- Born: Byron Christopher Murrell December 18, 1956 Winston-Salem, North Carolina, U.S.
- Died: June 18, 2017 (aged 60) Winston-Salem, North Carolina, U.S.
- Genres: Gospel, jazz
- Occupation: Singer

= Chris Murrell =

Byron Christopher Murrell (December 18, 1956 - June 18, 2017) was an American jazz and gospel singer who has toured as the featured vocalist for the Count Basie Orchestra and has made appearances with the Roger Humphries Big Band and performed for a SCETV special with the Andrew Thielen Big Band.

==Biography==
Murrell began singing as a young child and continued to study voice and perform through his childhood, singing in church and school functions. As a teenager, he traveled and performed throughout the US with his own seven-piece gospel group, the Christian Disciples.

Murrell graduated from Wake Forest University in 1979 with a degree in theater, and was a lifelong resident of Winston-Salem, North Carolina. In May 1986, Frank Foster was the guest soloist at a concert with the North Carolina School of the Arts Jazz Ensemble in Winston-Salem, North Carolina. Chris was invited to be a guest vocal soloist on the same concert, where Foster,
who was shortly to take over as leader of the Count Basie Orchestra, heard Chris's rendition of "Lush Life"; when the opportunity presented itself, he hired Chris to be the featured vocalist with the Count Basie Orchestra.
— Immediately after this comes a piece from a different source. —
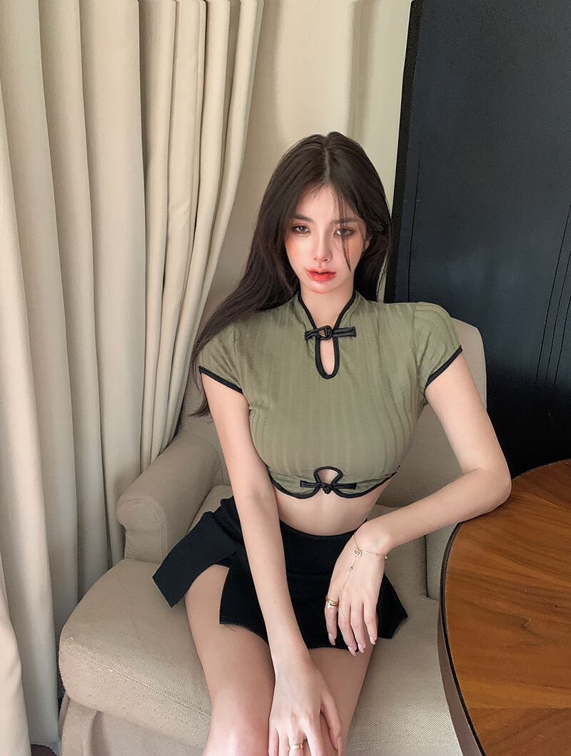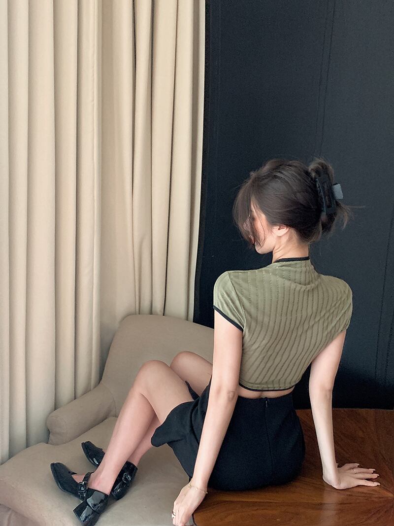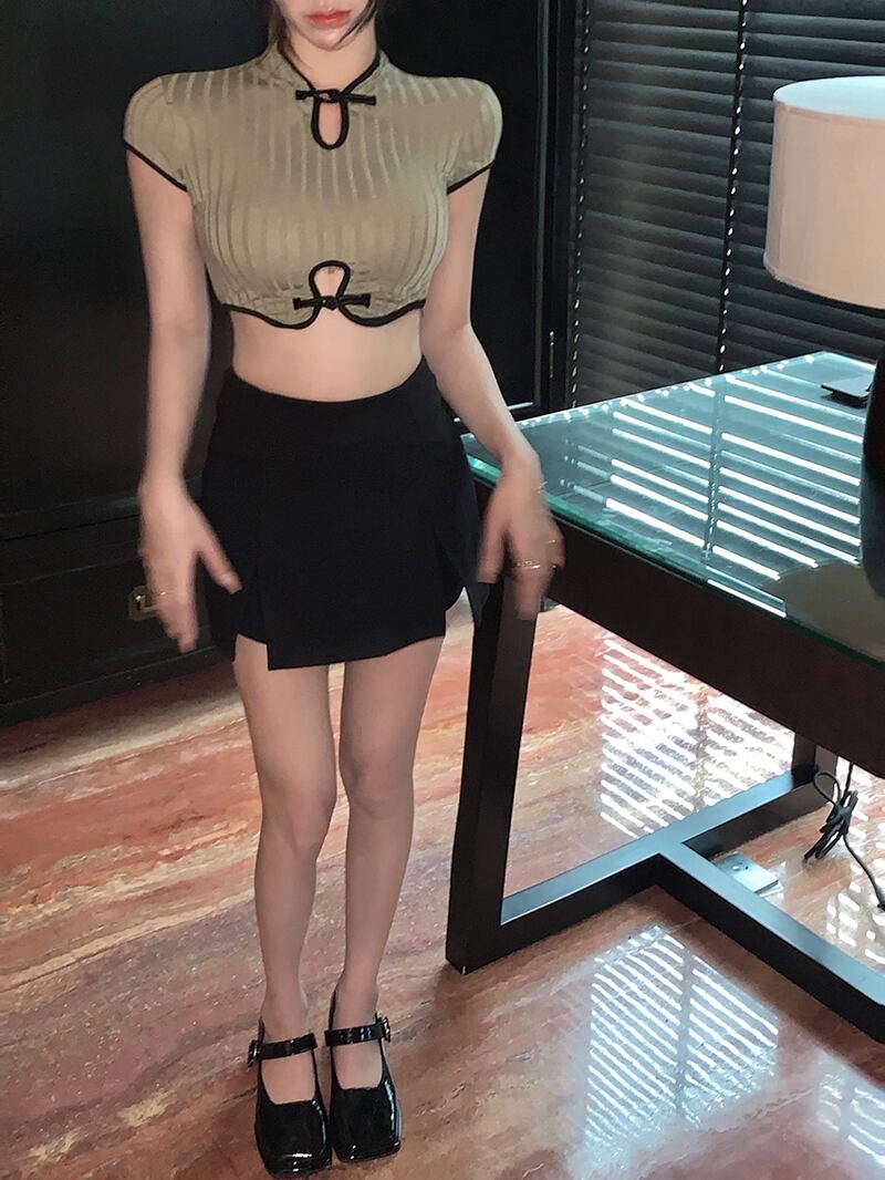 改良されたチャイナドレストップ女性の夏の若いレトロなボタンセクシーな短いへそニットTシャツ micat2727584207

He toured worldwide with the Count Basie Orchestra until 2002.

In 2002, Murrell released a solo album, Reprise; in the liner notes, Tony Bennett called him "one of my favorite singers". In 2004, his vocals were featured on the CD These Foolish Things by the Joe Aiello Trio.

Murrell died on June 18, 2017, at the age of 61 in his native Winston-Salem, North Carolina.